Nos quatro grupos GAM em que a pesquisa foi realizada, trabalhadores e usuários puderam reconhecer a sua participação na pesquisa como pesquisadores e decidir a inclusão do seu nome como pesquisador voluntário desta pesquisa. O lugar do participante-pesquisador confirma a conduta cogestiva da pesquisa e do dispositivo GAM. Esse lugar diferencia-se do pesquisador acadêmico, o qual é vinculado à Faculdade de Saúde Pública–USP a quem deve apresentar relatórios da pesquisa e submeter uma tese à avaliação de uma banca examinadora, além de ser o Pesquisador Responsável perante o Comitê de Ética em Pesquisa da Secretaria Municipal de Saúde de São Paulo.

29 3. Diário de Campo: Nesta pesquisa as falas ocupam grande parte do diário, o qual se constitui dos registros de cenas e trajetórias que as falas foram traçando na duração de cada encontro. Buscou-se registrar os indícios de signos e formas de expressão que favoreceram momentos analíticos nos encontros.

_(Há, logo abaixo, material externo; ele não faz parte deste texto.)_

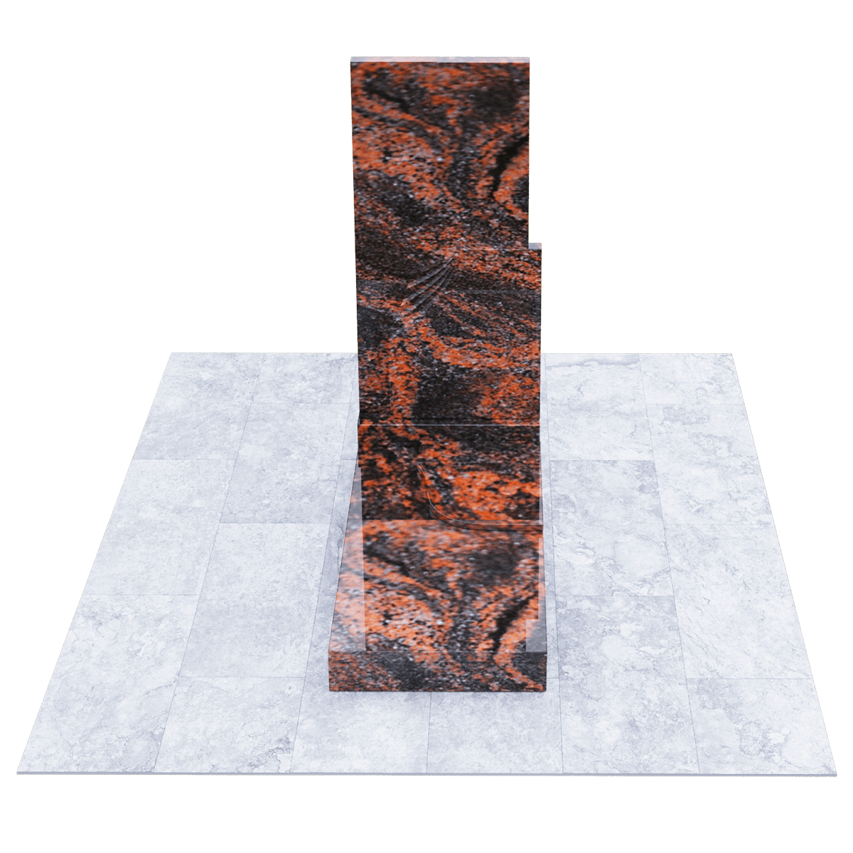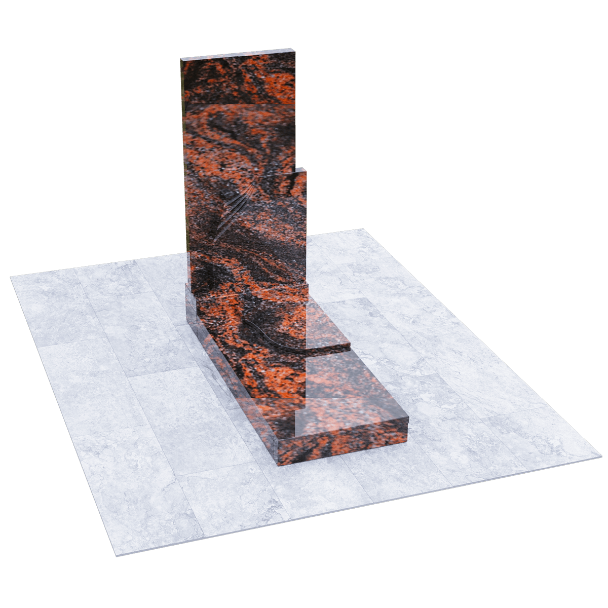 Мемориальный комплекс создан из элитных сортов натурального гранита самых изысканных оттенков, с природным орнаментом сочетания различных минералов в текстуре камня. Производитель использовал полированный камень, который кроме внешней элегантности обладает особой прочностью и легкостью в уходе. Полированная поверхность отталкивает влагу и загрязнения, а структура натурального гранита не подвержена влиянию атмосферных явлений. Срок службы такого изделия неограничен. Памятник предназначен для расположения на могильном традиционном захоронении на участке кладбища и состоит из вертикальной стелы и надгробной плиты, расположенных на прочном основании. Стела декорирована накладкой из камня с элементами гофрировки, на которой гармонично будут смотреться строки эпитафий или художественные элементы, выполненные с помощью гравировки. Такого же цвета каменная накладка в виде невысокого подиума находится на надгробии. На ней можно разместить траурные аксессуары. Сочетания сорта гранита, из которого будет выполнен памятник и общее информационно-художественное оформление комплекса осуществляется по предварительно спланированному индивидуальному проекту.

4. Processamento e análise: Como iremos discutir adiante, na medida da capacidade limitada do grupo, durante os encontros aconteceram “momentos analíticos”; momentos em que a emergência de signos e problemas postos pela comunicação de pontos de vista e experiências, muitas vezes díspares, colocam perguntas e novas formas de ver e dizer. Certos eventos, focos de experiência, certas falas, se tornam “analisadores”. Então, a cada encontro ocorrem processos analíticos: é uma forma de conduta “analítica” do grupo sobre o seu processo no ato do encontro. Não se trata da coleta de dados para análise a posteriori. Trata-se de uma “análise da experiência”, em que o que está em questão não é desvendar significados pela análise de conteúdos, mas se defrontar com “analisadores” que chamam atenção e, ao serem vistos, produzem deslocamentos de ponto de vista, ou outros olhares.

5. Escritura e discussão de narrativas e avaliação do processo da pesquisa: O pesquisador- acadêmico escreveu narrativas sobre o processo da pesquisa, as quais foram discutidas pelos respectivos grupos GAM com usuários e trabalhadores. No CAPS Adulto o grupo GAM realizou a discussão dessas narrativas em dois momentos de avaliação do processo durante a pesquisa e um após o seu término. Nas UBS e no CAPS Álcool e Drogas essas narrativas foram apresentadas e discutidas ao final da pesquisa pelos usuários participantes e pelos trabalhadores moderadores da GAM. Do ponto de vista do método da cartografia podemos analisar esse momento de submissão das narrativas à discussão no coletivo, como um momento de validação da pesquisa.

30 6. Nomenclatura: Durante o processo da pesquisa, os participantes discutiram, sob vários pontos de vista, o nome pelo qual, nesta pesquisa, deveriam ser chamados ou designados os participantes que tem necessidade de serviços de saúde mental e/ou fazem uso de medicação psicotrópica. Coletivamente os grupos escolheram o termo “usuário”, “usuário de serviços saúde mental” ou “usuário de medicamento controlado” ou “usuário de medicação psicotrópica”.

7. Nomes fictícios: No sentido de salvaguardar a privacidade dos participantes, estes decidiram que os textos e documentos públicos – tese, artigos e comunicações – devem usar nomes fictícios quando mencionarem as falas dos usuários.

8. Linguagem falocêntrica: Por força da norma da língua portuguesa manteve-se o uso do gênero masculino para designar categorias ou coletivos que incluem participação feminina como, por exemplo, o termo “usuários” e categorias profissionais.